Robert L. Cooley: The legacy of a visionary
Without the vision and contributions of one Robert Lawrence Cooley, it’s safe to say that the MATC we know today would be very different.
As the founding director and first president of the institution, Cooley successfully navigated the various problems that arose from creating an untraditional school from scratch.
Faculty, budget, policy, facilities…all issues Cooley dealt with from his first office, a desk in the corridor of the eighth floor of City Hall.
Cooley did so with complete focus on the lives of those that would benefit most from the school, a principle still understood by staff today.
“Cooley believed that we should tailor the curriculum to the needs of the student. Everyone who works at this institution understands his vision,” said Instructional Chair Kevin Mulvenna.
One staff member with a personal connection to that vision is Cathy Lechmaier, a Student Affairs coordinator with over 30 years of history at MATC. Lechmaier is a grand-niece of Cooley’s. Although she was never able to meet Cooley before his passing in 1940, older family members describe him as a driven educator committed to his students.
Lechmaier finds inspiration in his work and it’s a reason she strives to continue it. “I would hope that he would smile down upon me and say that’s exactly what I wanted you to do was help students down their educational path,” Lechmaier shared from her office at the Oak Creek campus.
Cooley’s legacy reaches beyond the spirit and drive of MATC staff. Years before the construction of the downtown campus was completed, Cooley stood near an empty plot of land on 6th and State streets and declared, “A building will rise here. We will have shops and classrooms, offices and assembly halls.”
Robert W. Tarbell, an assistant principal who worked alongside Cooley, wrote about this legacy in the May 1944 issue of Industrial Arts and Vocation Education magazine. “And that shadow stretching away from the walls of the school he built seems not to take shape from the brick and mortar. It is not ominous but full of promise, the lengthening shadow of a great man.”

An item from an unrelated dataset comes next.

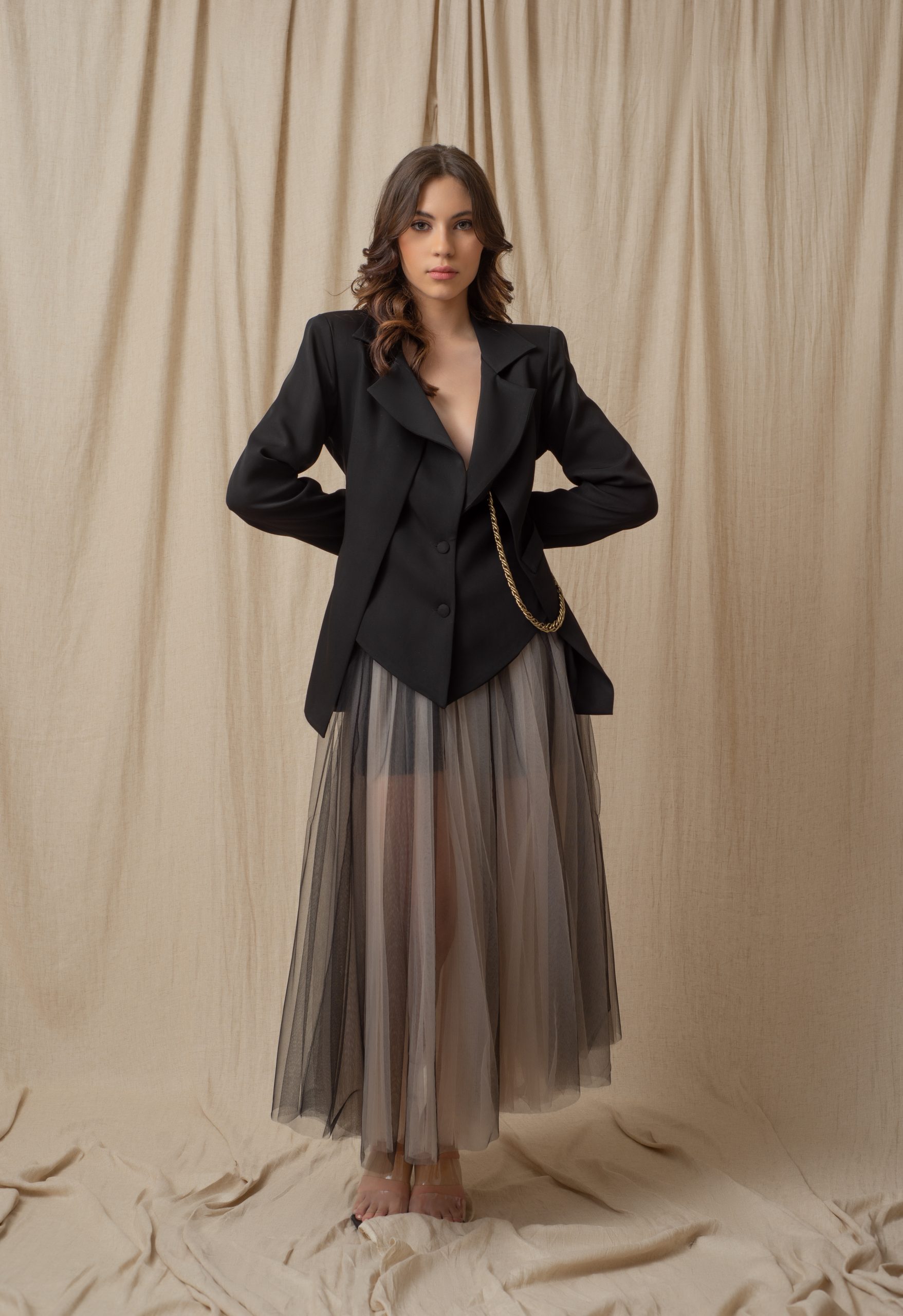 Enjoy our chic midi skirt that can be worn with or without the yoga short. Style it with the crop top, or throw on our Shelby inspired blazer for a different look.

Each year, new MATC students are welcomed for an orientation session in the Cooley Auditorium, located inside the very building Cooley imagined so many years ago.
Administrators speak about the workings of the school and the expectations they have for students. The students are likely unaware of the history of MATC and the man whose vision made it possible for them to occupy the seats in the assembly hall that carries his name.
But it is with them that Cooley’s legacy will carry on as they walk proud through the corridors of this institution and into the classrooms and into the futures he always thought possible.
It is a sincere privilege to serve as Editor-in-Chief of this newspaper. When I started as a staff reporter with the Times, it was with the goal of more...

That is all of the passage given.